My question is: if I created a 2d hilbert curve range (i.e. I converted the range of the box into a hilbert curve so x1y1-> hilbert value1 and x2y2-> hilbertvalue2) would all values of corresponding 2d hilbert values fall within their range?
E.g. If I converted (1,2) and (20,30) into Hilbert values and then searched for all values between hilbertvalue1 and hilbertvalue2, would all the values I get decode to fall within (1,2) and (20, 30), or would I have to perform additional transformations?
An additional problem is crafting a range when you have more than 2 dimensions. I have the ability to convert in and out of Hilbert curves but how can I make sure that even 4d values have latitude and longitude that falls within the same rectangle/bounding box?
Thanks.
Upvotes: 1
Views: 1528
Reputation: 12097
My question is: if I created a 2d hilbert curve range (i.e.

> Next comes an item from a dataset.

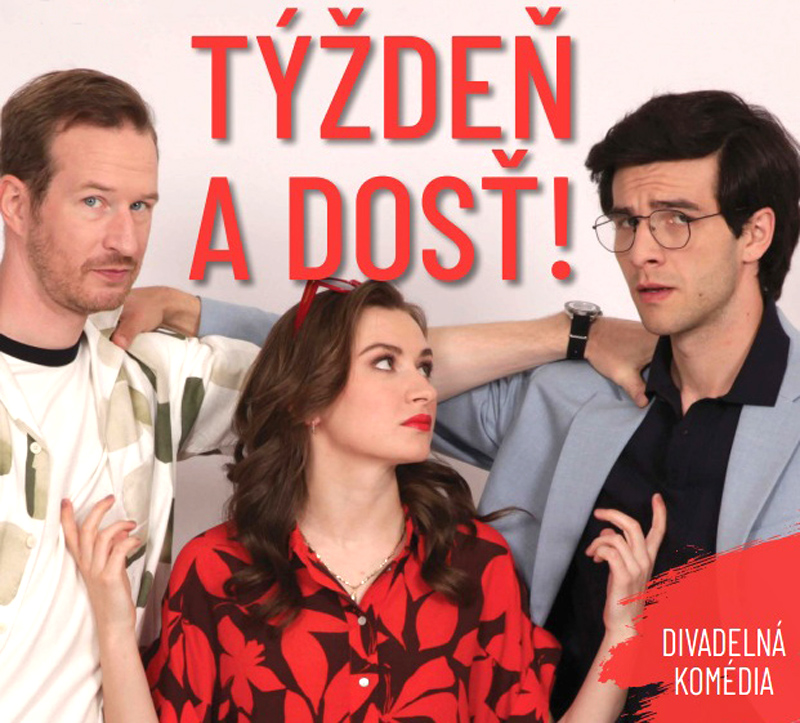 V Dome umenia Slovenskej filharmónie v Piešťanoch si v utorok 14. októbra o 19.00 h nenechajte ujsť divadelnú komédiu Týždeň a dosť! Ide o dielo súčasného francúzskeho dramatika Clémenta Michela, ktorý patrí medzi najúspešnejších autorov komediálnej drámy posledných rokov.

I converted the range of the box into a hilbert curve so x1y1-> hilbert value1 and x2y2-> hilbertvalue2) would all values of corresponding 2d hilbert values fall within their range?
The answer is no. This is part of the challenge of using a Hilbert index. Below is an example curve. You'll notice that you can have a point on the curve that has a higher index than the vertices of a box containing that point. The light blue box is an example where the vertices have indices 117, 122, 133, 138 yet inside (though on the border) is the value 143.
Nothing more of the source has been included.